Я сам чувствовал, что с годами Ницше становится мне ближе, видимо, это неизбежно, когда возникают проблемы с сантехникой. И Элохим, возвышенный повелитель созвездий, стал мне гораздо интереснее своего бесцветного отпрыска. Иисус слишком любил людей, вот в чем проблема; и тот факт, что ради них он позволил распять себя на кресте, свидетельствует как минимум о недостатке вкуса, как сказала бы все та же старая сука. Да и прочие его действия тоже не отличались здравомыслием, взять хотя бы прощение блудницы с доводами типа “кто из вас без греха” и так далее. Тоже мне проблема, позвали бы мальчишку лет семи, он и бросил бы первый камень, гаденыш этакий.

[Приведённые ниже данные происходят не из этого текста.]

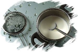 В случае дешёвого гранулированного желатина после его растворения в нём могут оставаться небольшие крупинки, поэтому такой раствор пропускаем через сито.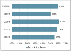 2014-2019年 半年重點(diǎn)百貨公司人工費(fèi)用率情況(%)
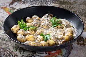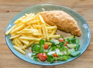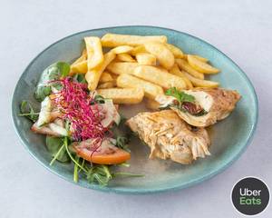 nadziewana szpinakiem, serem, suszonymi pomidorami, podawana z frytkami i sałatką.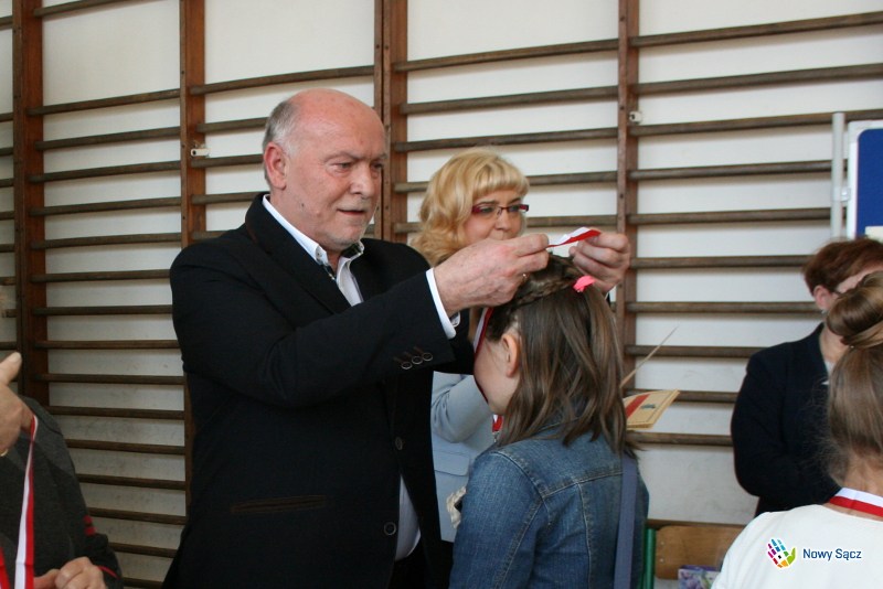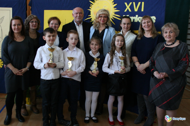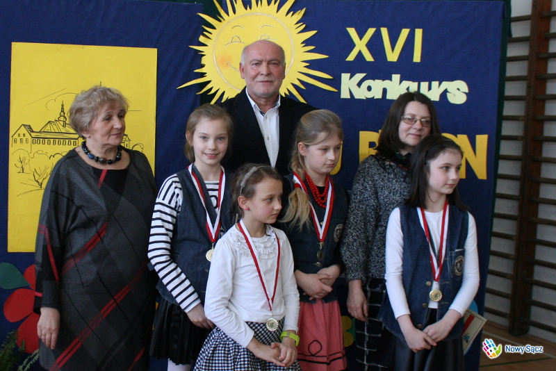 Honorowy patronat nad konkursem sprawował Zastępca Prezydenta Miasta Nowego Sącza – Jerzy Gwiżdż, który wręczył uczestnikom puchary, medale pamiątkowe oraz słodycze - Chciałbym podkreślić, że jest to piękny konkurs, ponieważ jest to konkurs o naszym regionie, o naszej małej ojczyźnie, o naszym mieście Nowym Sączu. Cieszę się, że tyle szkół w tym roku wzięło w nim udział, bo jest to taki konkurs, w którym nie jest najważniejsze to, żeby wygrać, a najważniejsze jest to, aby na nim po prostu być, aby o swoim mieście opowiedzieć, narysować i pokazać, że jest ono naprawdę piękne. Bardzo dziękuję, że szkoła obdarzyła mnie honorowym patronatem nad tym konkursem, który uważam za bardzo ważne wydarzenie organizowane w naszym mieście kierowane do dzieci. Wiceprezydent złożył także zebranym życzenia z okazji zbliżających się Świąt Wielkanocnych.
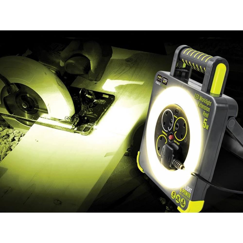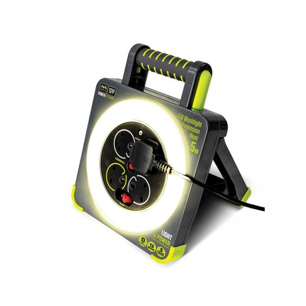 The Masterplug Work Light Cable Reel provides both light and power for home and heavy-duty applications.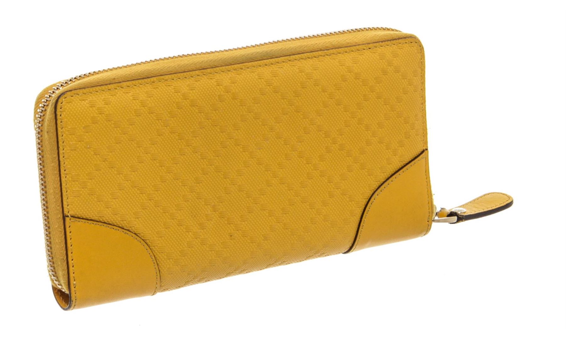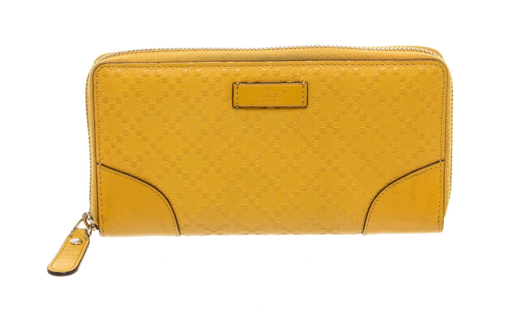 Gucci Yellow Coated Canvas Leather Zippy Wallet. Authentic.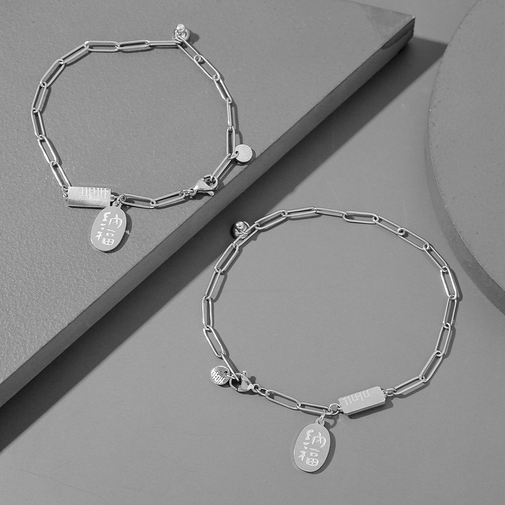 シルバー製の洗練されたチェーンデザインに、招財納福の文字が刻まれた縁起の良い札飾りが揺れる特別な一品。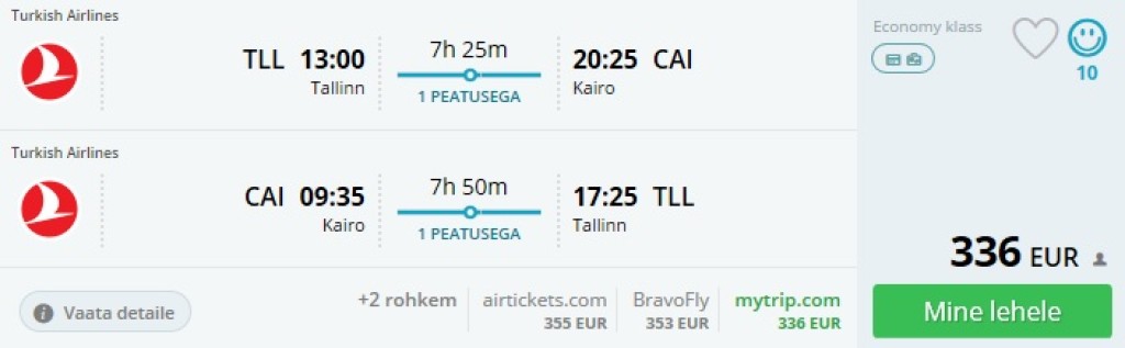 Turkish Airlines pakub lennupileteid Tallinnast Kairosse hinnaga 336 - 337€. Saadavust on alates septembri algusest kuni 2018. a. märtsi keskpaigani. v.a. aastavahetus. Lennud on ühe ümberistumisega Istanbulis, mille pikkus võib eri päevadel olla erinev, kuid küllalt hästi on saadaval ka alla 2 h ümberistumistega lennud (mõlemas suunas). Pikemate ümberistumiste korral tasuta öömaja Turkish Airlinesi poolt ei saa, kuna Istanbul – Kairo vahel toimub mitmeid lende, mis tähendab, et lennuplaanist tulenev ümberistumise vältimatu pikkus jääb alati alla 10 h.
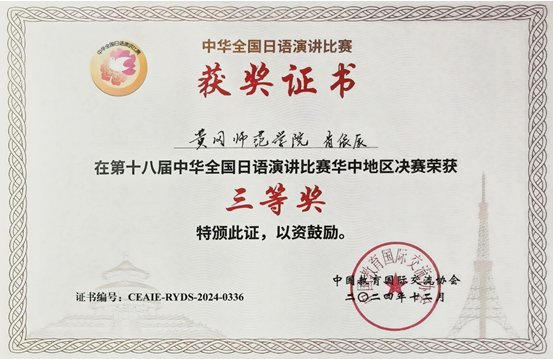 2024年12月28日,“第十八届中华全国日语演讲比赛”在华中师范大学拉开了帷幕。我院日语专业大三学生肖依辰代表我校参赛,与成功入围华中地区预赛的4省31所高校选手同台竞技,经过激励角逐,荣获该赛事三等奖。

Редигер писал очень хорошо, тексты его были ясными и обобщающими, к тому же не лишенными юмора, например, он подшучивал над одним из своих собратьев и конкурентов, видимо, мусульманским интеллектуалом, который в одной из своих статей ввел понятие имамов 2.0, считавших своей миссией обращение юных французов, потомков иммигрантов-мусульман. Теперь следовало бы, поправлял он, говорить об имамах 3.0, которые взяли на себя обращение юных коренных французов; но Редигер был скуп на иронию; ей на смену тут же приходили серьезные рассуждения. В основном его сарказм был нацелен против исламогошистов: исламогошизм, писал он, стал отчаянной попыткой гниющих, разлагающихся марксистов, пребывающих в состоянии клинической смерти, выбраться со свалки истории, уцепившись за восходящие силы ислама. В концептуальном плане, продолжал он, они так же смешны, как пресловутые “левые ницшеанцы”. Он явно помешался на Ницше; впрочем, его статьи в ницшеанском духе быстро мне наскучили, я сам, переусердствовав в свое время с чтением Ницше, прекрасно знал его и понимал и его чарам уже не поддавался. Как ни странно, мне милее была геноновская жилка Редигера – конечно, если читать подряд все произведения Генона, можно сдохнуть от тоски, но Редигер предлагал доступную его версию, light, так сказать. Особенно мне понравилась его статья “Геометрия связи”, опубликованная в журнале Etudes tmditionnelles. В ней, возвращаясь к провалу коммунизма – который, в общем-то, был первой попыткой борьбы с либеральным индивидуализмом, – он подчеркивает, что Троцкий в конечном итоге оказался прав в своем споре со Сталиным: коммунизм мог восторжествовать только при условии, что станет мировым. То же самое, замечает Редигер, верно и для ислама: он будет всемирным, или его не будет. Но главное в статье заключалось в странных размышлениях, в которых чувствовался некий китч в духе Спинозы, со схолиями и прочими штучками, по поводу теории графов. Только одна религия, настаивал автор, могла создать связное отношение между индивидами. Рассмотрим, писал Редигер, связный граф, в нем все индивиды (вершины) соединены личными отношениями, но невозможно построить планарный граф, связывающий между собой всех индивидов вообще. Единственный выход – подняться на высший уровень, содержащий одну-единственную вершину под названием Бог, с которой будут связаны все индивиды; таким образом они будут связаны и между собой.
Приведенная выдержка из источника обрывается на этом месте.